Prenatal smoking linked to gestational diabetes mellitus

December 20, 2019

A new study of nearly a quarter million women suggests that smoking during pregnancy increases risk of gestational diabetes mellitus (GDM).

A new study of nearly a quarter million women suggests that smoking during pregnancy increases risk of gestational diabetes mellitus (GDM). The findings, published in Obstetrics & Gynecology, do not prove a causal relationship but provide support for counseling smoking cessation among prenatal patients.

Methods
For the research, the authors conducted a secondary analysis of data from the Pregnancy Risk Assessment Monitoring System from 2009 to 2015. Conducted by the Centers for Disease Control and Prevention, the system is a surveillance project to monitor maternal attitudes and experiences before, during, and shortly after pregnancy. The population for the substudy was 222,408 mothers with singleton births for whom data were available on GDM and prenatal smoking status.

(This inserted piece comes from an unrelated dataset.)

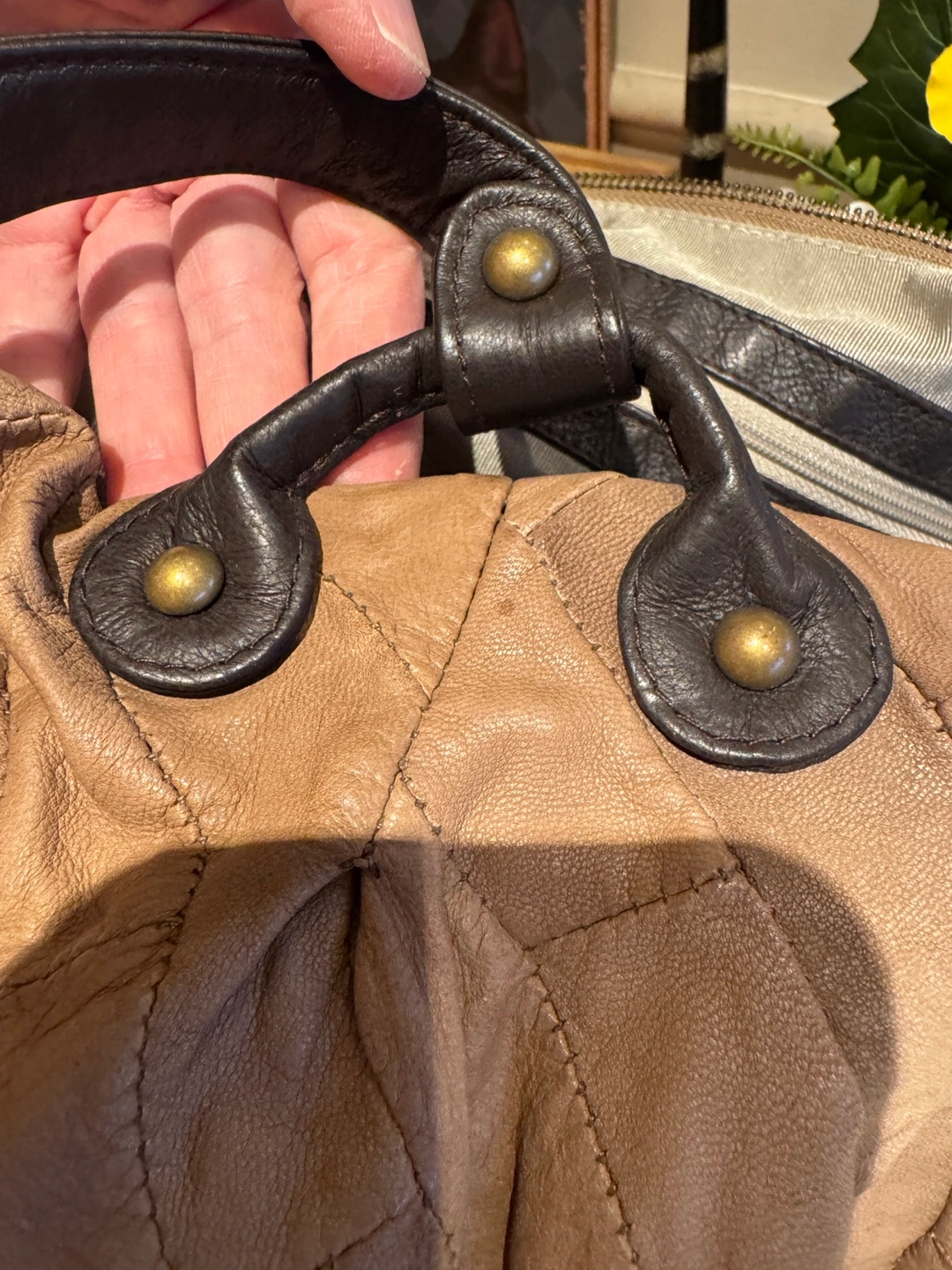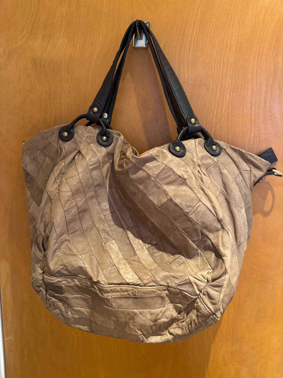 Brown Leather Quilted Tote Bag

All of the participants were asked whether they had smoked any cigarettes in the past 2 years. Those who had were also asked how many cigarettes they smoked in an average day in the 3 months prior to conception and in the last 3 months of pregnancy. Based on the responses, the women were classified as having no smoke for more than 2 years before conception, quit smoking before pregnancy, smoked before pregnancy but quit, smoked during pregnancy but fewer cigarettes, and continued to smoke and smoked more cigarettes.

Confounders considered by the researchers included maternal age, race-ethnicity, prepregnancy body mass index and gestational weight gain. The independent association between prenatal smoking and GDM status, overall and stratified by gestational weight gain and prepregnancy body mass index (BMI). Of the participants 5.3% had GDM, 48.1% had normal pregnancy BMI, and 43.1% had excess gestational weight gain.

Findings
Two-thirds (75%) of the women had not smoked for more than 2 years before conception, almost 3% quit before pregnancy, 11.8% quit smoking while pregnant, and 6.7% smoked fewer cigarettes during pregnancy. Most of the participants were aged 25 to 34, non-Hispanic white, had normal BMIs, and had excessive gestational weight gain.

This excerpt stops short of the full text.